Nadat hij de borstel had opgehangen, deed hij wat haver in een zak voor Paard en liep toen naar de oude boerderij. Het zou een dag of twee duren voordat hij hersteld was. Pijntjes hoorden bij dit soort ritten en hij had beslist wel eens erger meegemaakt. De vraag was niet óf een stierrijder gewond raakte, maar wanneer en hoe erg. Door de jaren heen had hij twee keer gebroken ribben en een klaplong opgelopen, en hij had in zijn ene knie zijn voorste en in zijn andere knie zijn achterste kruisband gescheurd. In 2005 was zijn linkerpols verbrijzeld en zijn beide schouders waren ontwricht geweest. Vier jaar geleden had hij met een gebroken enkel meegedaan aan het PBR-wereldkampioenschap – voor professionele stierrijders – en hij had een speciale, voorgevormde cowboylaars gedragen om de gebroken botten op hun plek te houden. En hij had natuurlijk talloze keren een hersenschudding opgelopen wanneer hij weer eens van de stier was geworpen. En toch had hij het grootste deel van zijn leven niets anders gewild dan rijden.

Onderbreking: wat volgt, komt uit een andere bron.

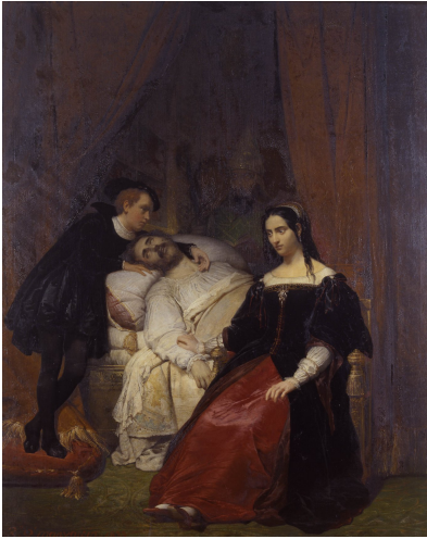
Raymond Auguste Quinsac Monvoisin, Jeanne dit La Loca, ou la folle, reine de Castille , 1833 (Musée de Picardie – Amiens, Francia)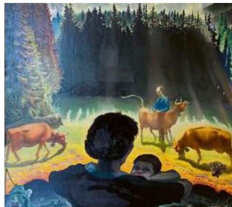
Wieder zu sehen: Bilder von Ernst Schäublin.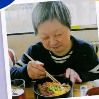
ちらし寿司いただきます。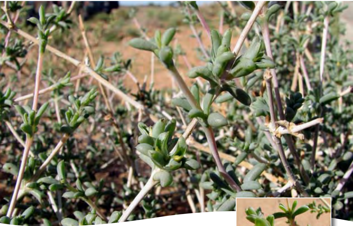
Nucularia perrini Batt. ■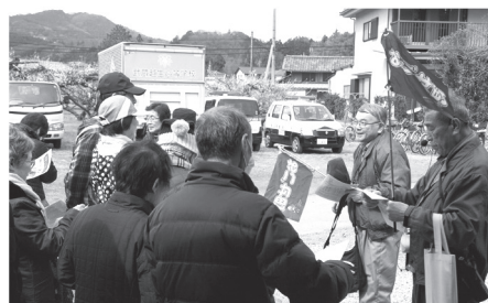
越生梅林の観光ボランティア

Misschien was hij gek, zoals Sophia zei.
Hij tuurde door het raam boven de gootsteen en zag zijn moeder haastig langslopen. Hij vroeg zich af of alles weer goed zou komen tussen hen. De afgelopen weken had ze haar ontbijt al bijna op als hij de keuken binnenkwam, om maar niet met hem te hoeven praten. Ze gebruikte zijn aanwezigheid om te laten merken dat ze nog steeds boos was; ze wilde dat hij haar stilzwijgen als een last op zijn schouders voelde wanneer ze haar bord pakte en hem alleen aan tafel liet zitten. Maar ze wilde vooral dat hij zich schuldig voelde.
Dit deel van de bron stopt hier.